Suvorexant (Belsomra®) is a new hypnotic drug with a novel mechanism of action. In prescribed doses of 10 mg before bedtime, the drug produces rapid onset of sleep by inhibiting the orexin neurons of the arousal system, promoting decreased wakefulness. Suvorexant is a potent and highly selective dual orexin receptor antagonist. Sedative hypnotics are of forensic importance due to their widespread use, potential for additive effects with other central nervous system depressants, impairing effects and potential for misuse. In this report we describe a highly sensitive assay for the identification and quantification of suvorexant in urine. Suvorexant was isolated using liquid/liquid extraction (LLE) and identified using liquid chromatography-quadrupole/time-of-flight mass spectrometry. Suvorexant was quantified using a quadratic calibration model between 5 and 250 ng/mL (R2 = 1.000, n = 6). Processed sample stability was demonstrated for up to 24 h. The limit of detection was 0.5 ng/mL and the limit of quantification (LOQ) was 5 ng/mL. The accuracy, bias and precision of the assay at the LOQ were 99% (81-117%), -1% and 12% (n = 18). Intraassay (n = 5) and interassay (n = 15) precision (% CV) at 10, 50 and 200 ng/mL were ≤8%, and bias ranged from -2% to 4% (98-104% accuracy). No qualitative interferences were detected from matrix, internal standard or 50 common drugs. Matrix effects evaluated at low and high concentrations were -16% and -9%, respectively, and produced CVs of 11% and 5% (n = 20). Suvorexant is a new drug of forensic importance. In this report we describe how a simple acidic/neutral LLE can be used to isolate this lipophilic drug with high recoveries and sound analytical performance.

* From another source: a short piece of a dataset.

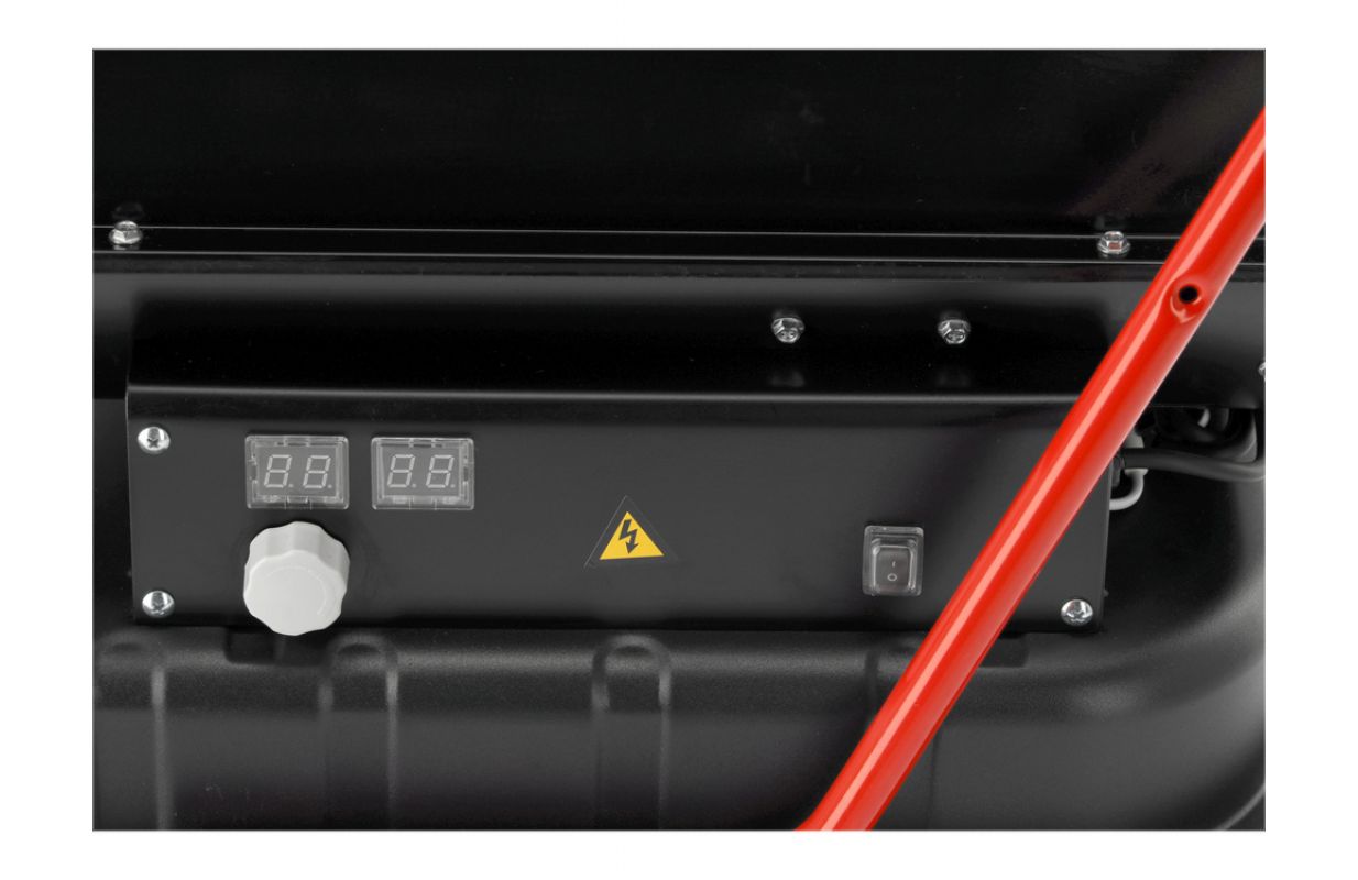 тепловая мощность: 30 кВт Топливо: дизельное топливо / керосин Расход воздуха: 750 м³/ч Расход топлива: 2,4 л/ч Давление воздуха: 0,31 бар Бак: 38 л Вес: 19,2 кг Степень защиты: IPX4 мощность двигателя: 230 Вт Габариты: 855x470x588 мм Длина кабеля: 1,3 м напряжение: 220-240 В/50 Гц

Quantification of suvorexant in urine using gas chromatography/mass spectrometry.

Suvorexant (Belsomra®) is a novel sedative hypnotic drug that is prescribed to promote sleep in patients with insomnia. It is the first of a new class of drugs classified as dual orexin receptor antagonists (DORAs). Sedative hypnotics with central nervous system depressant effects feature prominently in forensic toxicology investigations. For this reason, a new analytical method was developed to identify suvorexant in urine using liquid-liquid extraction (LLE) and gas chromatography/mass spectrometry (GC/MS). Due to the absence of a commercially available isotopically labeled internal standard, estazolam-D5 was used due to its azepine, triazole and chlorinated functionality. The limit of detection and limit of quantitation was 10ng/mL and the linear range of the assay was 10-1000ng/mL. Accuracy and precision (%CV) were 98-101% and <11% at 30, 250 and 800ng/mL. Interferences from matrix and fifty common drugs were not present and processed samples were stable for 24h at room temperature. Suvorexant is a new drug of significant forensic interest due to its hypnotic and central nervous system depressant effects. The absence of commercially available metabolites and its chromatographic properties present some challenges in terms of identification. Nevertheless, a robust, reliable and sensitive assay was developed to identify suvorexant using GC/MS analysis.